Ханья Янагихара - Люди среди деревьев
Это ощущение, конечно, не продержалось долго. Оно возникало в ходе нашего путешествия и потом на протяжении разных лет. И хотя оно никогда не было таким сильным, как в тот день на воде, я постепенно принял эту знакомую боль, а потом стал мечтать о ней, даже зная, что, испытывая ее, я не способен выполнять, а уж тем более обдумывать что-то иное.
Часть II
Мыши
О кончив колледж, осенью 1946 года я поступил в медицинскую школу[12]. Про нее мне, в общем, нечего сказать; факультет был унылый, однокашники – невыразительные, и меня это совсем не удивило. На медицинский факультет я направился потому, что в те времена так приходилось поступать всем, кто хотя бы в общих чертах интересовался биологическими свойствами человеческого организма. Будь я студентом сегодня, я бы, наверное, предпочел аспирантуру в области вирусологии, микробиологии или чего-нибудь в подобном роде. Дело не в том, что медицинский факультет сам по себе неинтересен, и даже не в том, что он не развивает ум; дело в том, что тамошние студенты чаще всего самодовольны и сентиментальны, больше заинтересованы в романтическом героизме врачевания, в котором погрязла профессия, чем в проблеме научного поиска.
Пятьдесят лет назад это, пожалуй, проявлялось даже в большей степени, чем сейчас. Моих однокашников – по крайней мере, тех, с кем я имел дело на протяжении четырех лет, – можно было легко разделить на две категории. Члены первой категории, более безобидные, были туповаты, послушны и зубрежке предавались с радостью. Члены второй, более неприятные, были цепкие и мечтательные, озабоченные собственной будущей важностью. Но всех отличали амбиции, страсть к соревнованию и жажда славы.

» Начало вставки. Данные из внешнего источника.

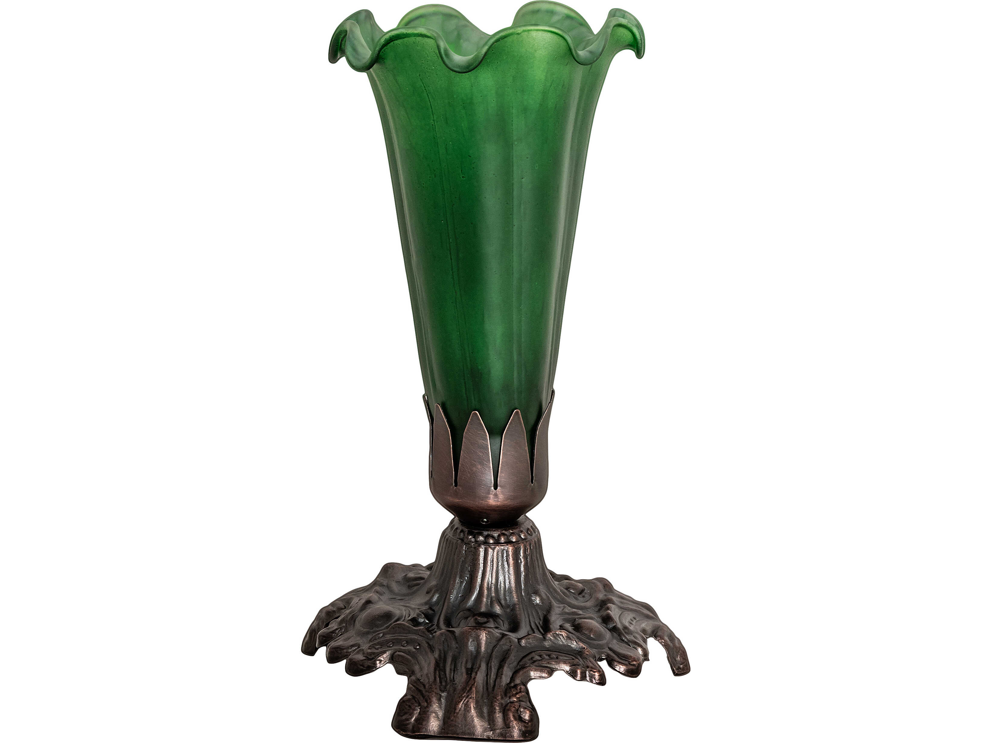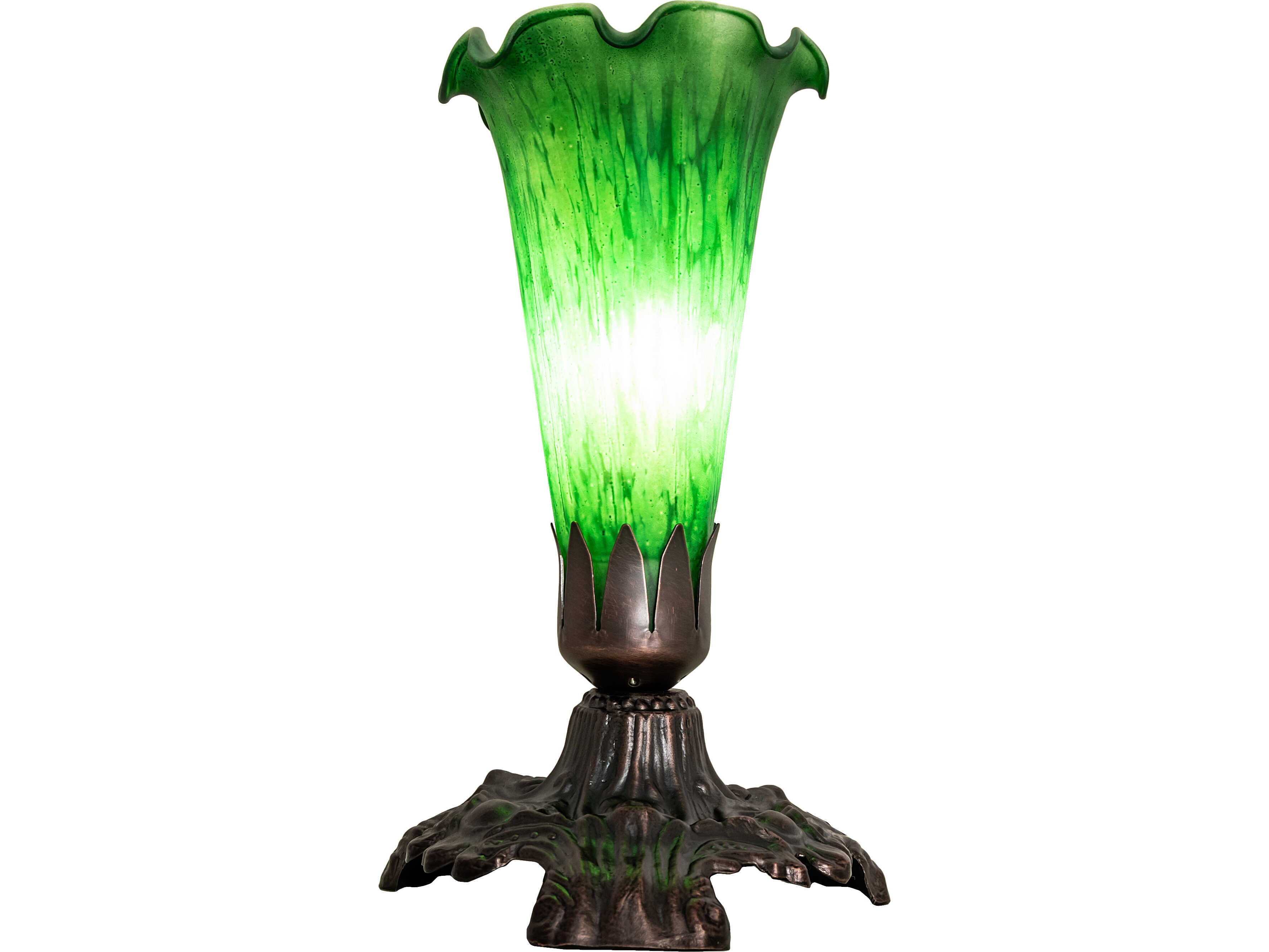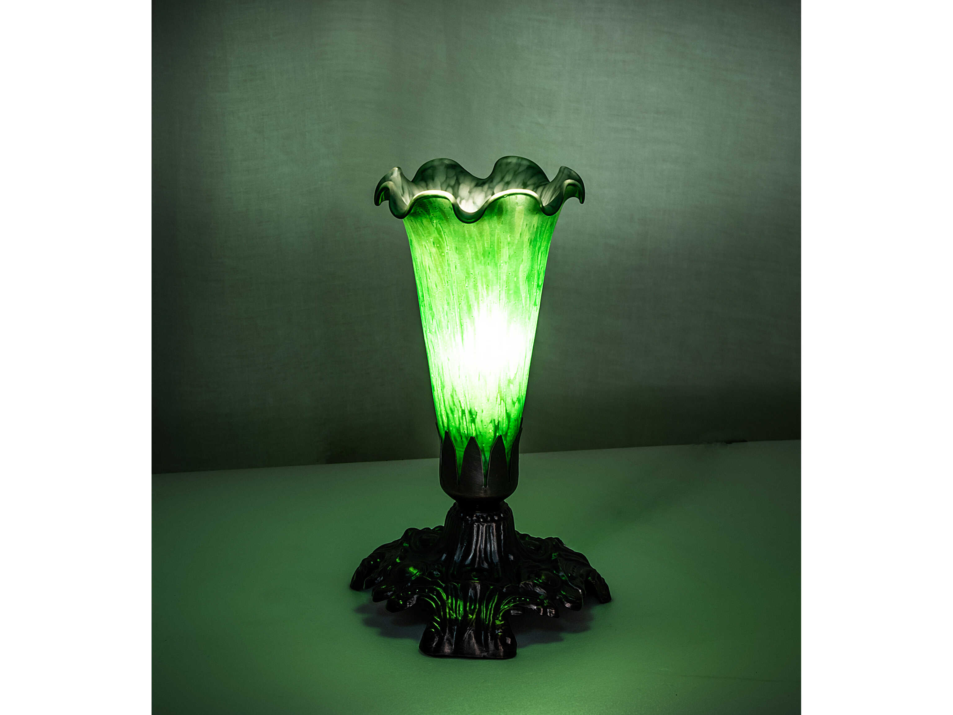 Re-creating Tiffany's famous Favrile design from the early 1900's... This mini lamp offers an attractive; delicate design featuring a shade that is mouth blown of fine Green art glass. The Lily shade is seated in an elegant Victorian cast metal base finished by hand in Mahogany Bronze. The Pond Lily Victorian Mini Lamp is included in our American designed; handcrafted Favrile Lighting Collection. UL and cUL Listed for dry locations. Each shade is a unique work of art with color variations based on natural ingredients inherent in the glass. Contact us if color matching is critical when ordering multiple items.

Я не был особо выдающимся студентом. Хотя интеллектуальным любопытством и творческим подходом я отличался, наверное, в большей степени, чем почти все остальные ученики в моей группе или даже на всем факультете, более прилежных студентов водилось очень, очень много: они ходили на каждое занятие, вели конспекты, читали учебники по ночам. Но меня занимало иное. В то время я со страстью собирал жуков – эта привычка и интерес остались у меня с детства; естественно, возможность найти необычных жуков в Бостоне была несколько ограничена, но в весенние месяцы я иногда прогуливал несколько дней подряд, уезжая на поезде в Коннектикут, где Оуэн изучал американскую литературу в аспирантуре Йельского университета. Я оставлял у него сумку, садился на другой, маленький и сонный поезд, уходивший в сельскую местность, где я и проводил целый день в каком-нибудь поле с сачком, блокнотом и стеклянной банкой, в которой лежал большой кусок смоченной формальдегидом ваты. Когда небо окрашивалось в оранжевый цвет, я ловил машину на Нью-Хейвен, где проводил вечер у Оуэна, ел приготовленную им еду, и пытался – без особого успеха – вовлечь его в разговор. Оуэн с годами становился все молчаливее (за что я был ему, надо сказать, признателен, потому что его рассуждения о собственных занятиях, посвященных Уолту Уитмену и воображению по-американски, изрядно отдавали интеллектуальной неразборчивостью), и, глядя, как он нарезает свой омлет на маленькие заботливые кусочки, я старался гнать от себя мысль о его сходстве с нашим флегматичным, простоватым отцом.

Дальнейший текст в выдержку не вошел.